Todd,     Visit Kaufmanns in Tigard try some parking lot casting and get a catalog. You might consider one of their schools.  The Anglers Club of Portland meets at the East Bank Saloon on the 2nd thursday of every month…not a bad place to start meeting people.  Members include many local and some national fishing luminaries.  I think Jim Shollmeyer, local guide, much published photographer and author will be speaker.                             Mike in PDX                "When the trout are lost, smash the state."                                            Tom McGuane

Response:

FWIW, on the Portland aspect of this thread there are lots of f.f. videos in the Multnomah County Library system; my college roommate learned to cast from the ones he checked out at the brach near us (I can’t remember the name, how sad…  Capitol Hill?  near PCC-Sylvania).  I expect the main library would have a listing of titles.  There are even fish in Johnson Creek in Milwaukie if you have a free evening– don’t know if I’d keep them to eat, but fun to chase if you don’t have time to leave town.   Also lots of toxic bass/panfish in the Columbia slough and some of the little lakes on Sauvie’s Island. Enjoy- — Derek R. Larson           Indiana University        Dept. of History                 "Nothing interesting occurred today…"         -Meriwether Lewis at Ft. Clatsop, Oregon, Jan.4th, 1806

Response:

Fujinaka) writes: Do I take a class?

The short answer is yes.  It will save you years of trial and error and frustration.  It will also save you from spending lots of time correcting bad habits that you developed on your own.  I would recommend that you get instruction from a FFF Certified Fly Casting Instructor, or get references from from former students of a non-certified instructor.  Fly fishing clubs can be a good source for instruction though quality of instruction can be erratic. Do I watch a video?

 I would recommend a few:  "The Essence of Fly Casting (vol.1)"  by Mel Krieger. IMHO the best casting video so far.  Has little fishing info in it but a great treatise on casting.  "Skills of Fly Fishing" by Gary Borger. Gives lots of great info on equipment, knots, fishing a dry, nymph and streamer fly, all about water types, etc.   The weak point in this video is the casting, get the Krieger video for that.  Another good one that has been around for quite a while is "Anatomy of a Trout Stream" by Rick Haefle.  Even though he squints into the sun while he’s talking to you, the info is very good. Do I go to the expensive store in downtown Portland and let them have their way with me? :)

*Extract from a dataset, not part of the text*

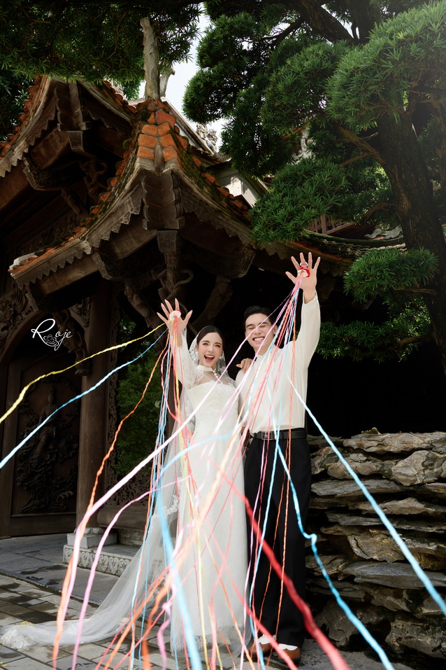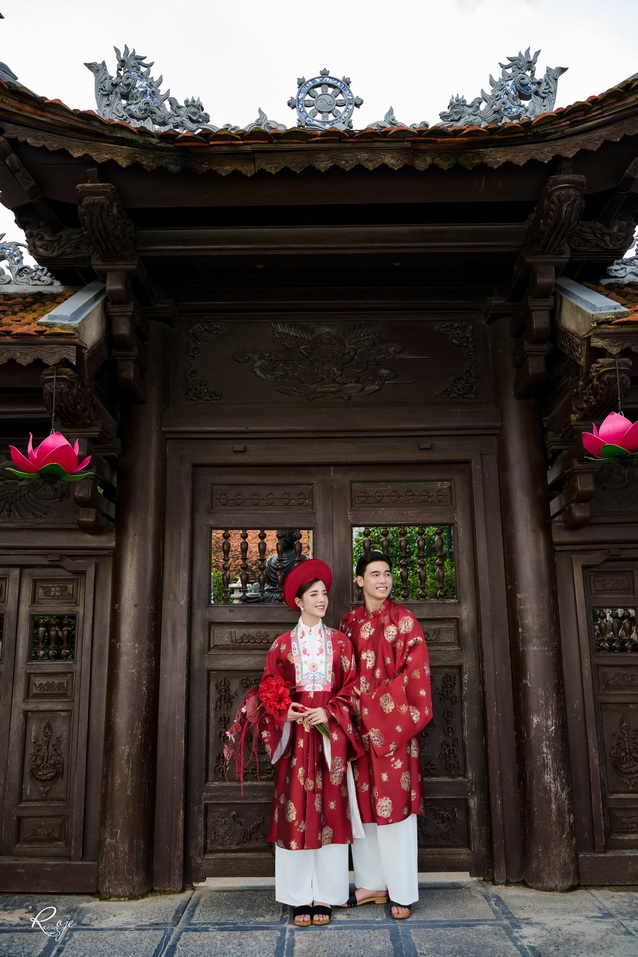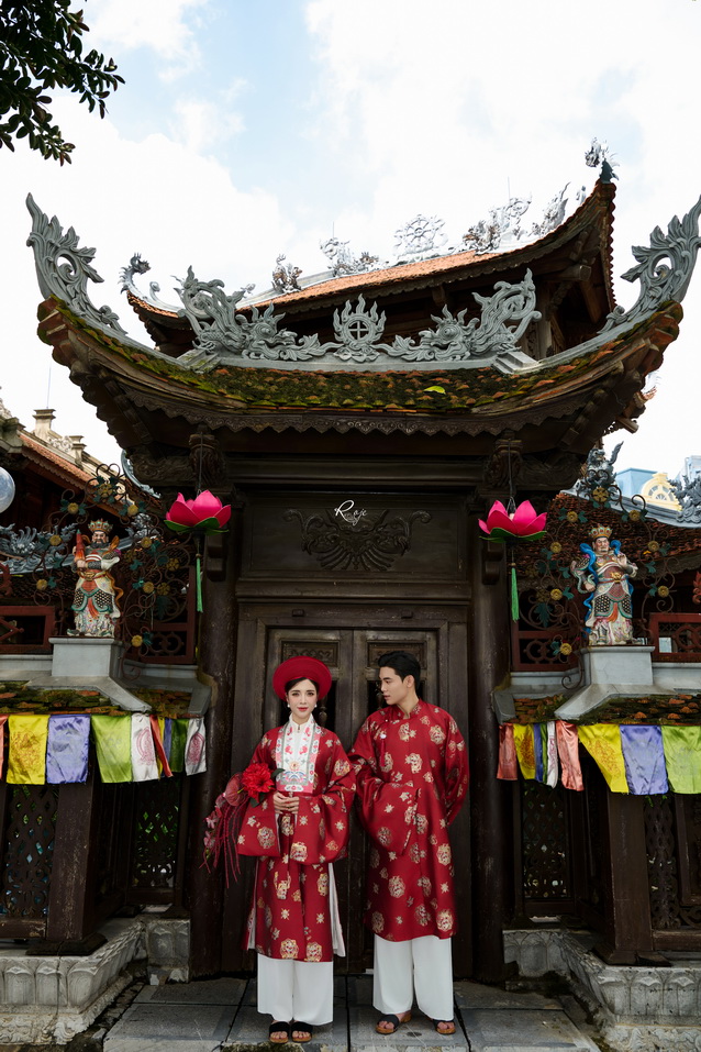 Chút gió heo may của mùa chuyển, chút sắc đỏ rực rỡ trên nền chùa cổ, và nụ cười đôi trẻ – trọn vẹn như lời hẹn ước ngàn năm.

Depends on how they treat newbies.  If they realize your value to them as a long term customer, they will get you the best bang for your buck.  If not, they will try to sell you the moon.  Ask around about the reputation of the shop.  There are plenty in your area if the downtown one doesn’t work out.  It’s been about 8 years since I lived in your area, but I used to do business with "Stewart’s Custom Tackle" on Halsey out by Wood Village and "The Fly Shop" in Welches (near the junction of the Salmon River and the Sandy).  Both were reputable and helpful shops.  Ask around.   Mail order from Kaufmann’s in Tigard is safe as they will take back anything you order but don’t like when it arrives.                                                       Hope this helps,                                                                    Dan

Response:

Sounds like a candidate for the most up to date fly fishing instruction you can own, Fly Fishing the McCloud River, the computer game sold at Orvis SF and other fine fly shops.  I think it is great. Right Dan!

Response:

I’d like to know how to get started, and I can’t find a FAQ. I’ve WATCHED a lot of people fish, especially in Japan and I’ve always wanted to learn how to fly fish. Do I take a class? Do I watch a video? Do I go to the expensive store in downtown Portland and let them have their way with me? :) Even more regionally, I’m in NW Portland, away from the East County stores. Maybe I should mail order? Help! So far I’ve read two short stories by Hemmingway and half of _The Orvis Fly-Fishing Guide_. Oh, and _A River Runs Through It_. And I spent several hours standing in a the John Day near Monument, OR watching a friend fish the John Day (I caught a watch, but that’s another story). Thanks for any help! — Home is where you wear your hat.